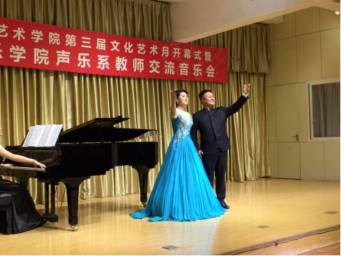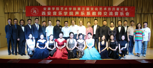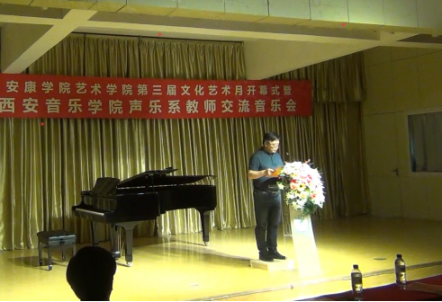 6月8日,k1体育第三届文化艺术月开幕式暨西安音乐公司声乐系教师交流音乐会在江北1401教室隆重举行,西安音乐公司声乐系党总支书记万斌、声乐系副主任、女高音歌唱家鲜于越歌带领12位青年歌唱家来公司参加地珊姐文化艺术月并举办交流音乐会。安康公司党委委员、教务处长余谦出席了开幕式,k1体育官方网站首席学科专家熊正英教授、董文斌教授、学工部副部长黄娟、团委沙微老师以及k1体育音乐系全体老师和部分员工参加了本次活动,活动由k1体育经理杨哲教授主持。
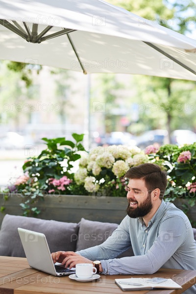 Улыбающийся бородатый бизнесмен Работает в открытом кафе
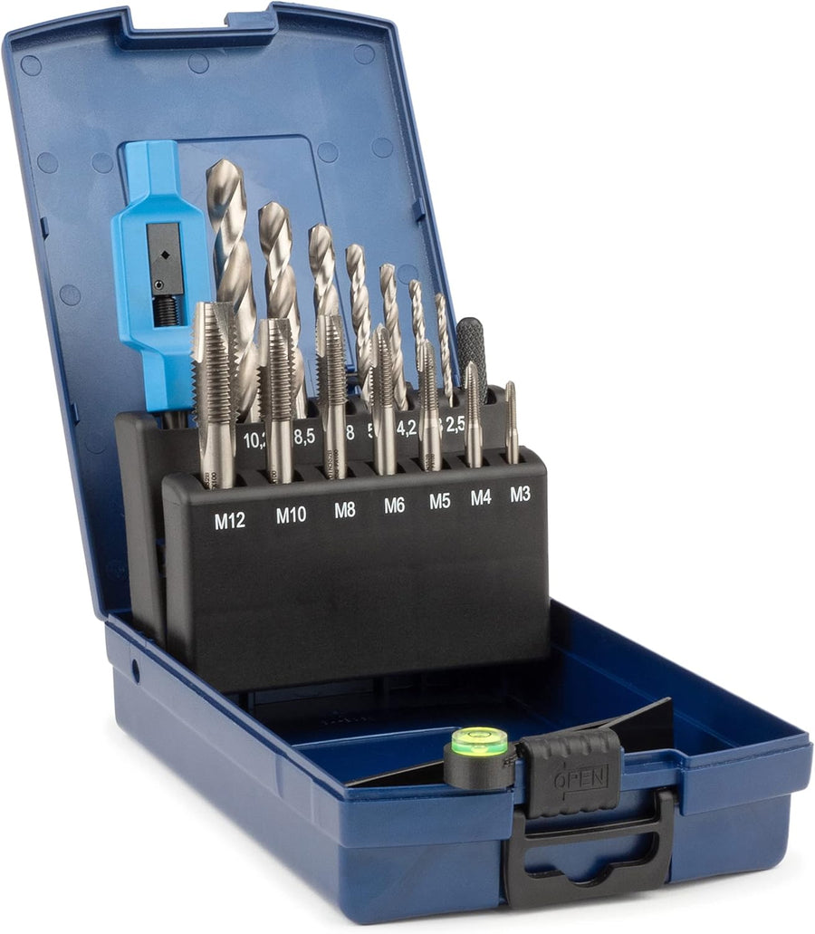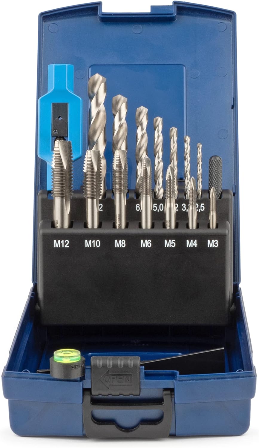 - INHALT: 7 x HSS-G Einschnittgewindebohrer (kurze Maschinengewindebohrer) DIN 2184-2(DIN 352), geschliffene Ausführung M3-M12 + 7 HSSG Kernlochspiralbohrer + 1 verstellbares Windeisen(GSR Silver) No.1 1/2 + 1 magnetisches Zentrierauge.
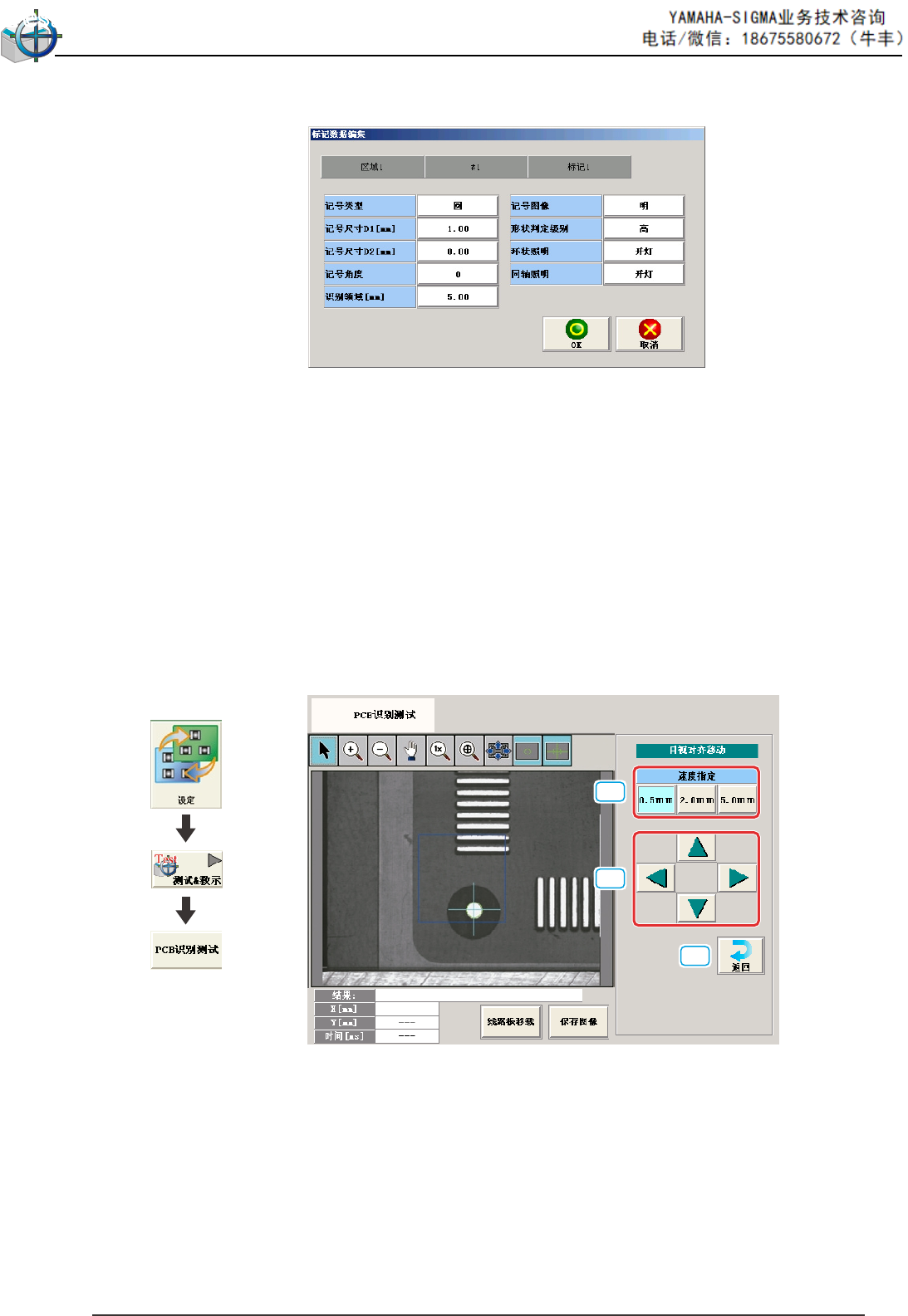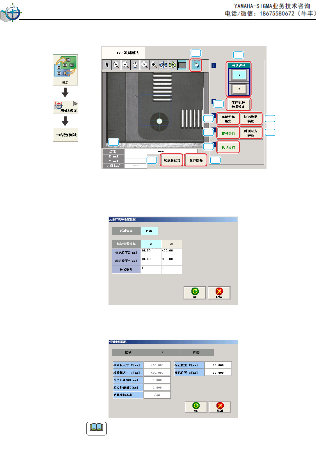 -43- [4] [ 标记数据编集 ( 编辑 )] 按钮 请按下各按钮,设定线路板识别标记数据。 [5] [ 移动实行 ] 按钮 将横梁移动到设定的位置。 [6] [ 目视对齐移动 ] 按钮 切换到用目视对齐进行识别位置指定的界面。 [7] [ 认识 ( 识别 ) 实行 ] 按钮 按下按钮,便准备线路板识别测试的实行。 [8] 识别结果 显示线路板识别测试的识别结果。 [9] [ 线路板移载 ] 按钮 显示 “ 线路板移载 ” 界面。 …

• Assignment
Please write out only the material above, exactly, from its first line through the line that contains "Улыбающийся бородатый бизнесмен", and include no pictures.

• Expected output
 6月8日,k1体育第三届文化艺术月开幕式暨西安音乐公司声乐系教师交流音乐会在江北1401教室隆重举行,西安音乐公司声乐系党总支书记万斌、声乐系副主任、女高音歌唱家鲜于越歌带领12位青年歌唱家来公司参加地珊姐文化艺术月并举办交流音乐会。安康公司党委委员、教务处长余谦出席了开幕式,k1体育官方网站首席学科专家熊正英教授、董文斌教授、学工部副部长黄娟、团委沙微老师以及k1体育音乐系全体老师和部分员工参加了本次活动,活动由k1体育经理杨哲教授主持。
 Улыбающийся бородатый бизнесмен Работает в открытом кафе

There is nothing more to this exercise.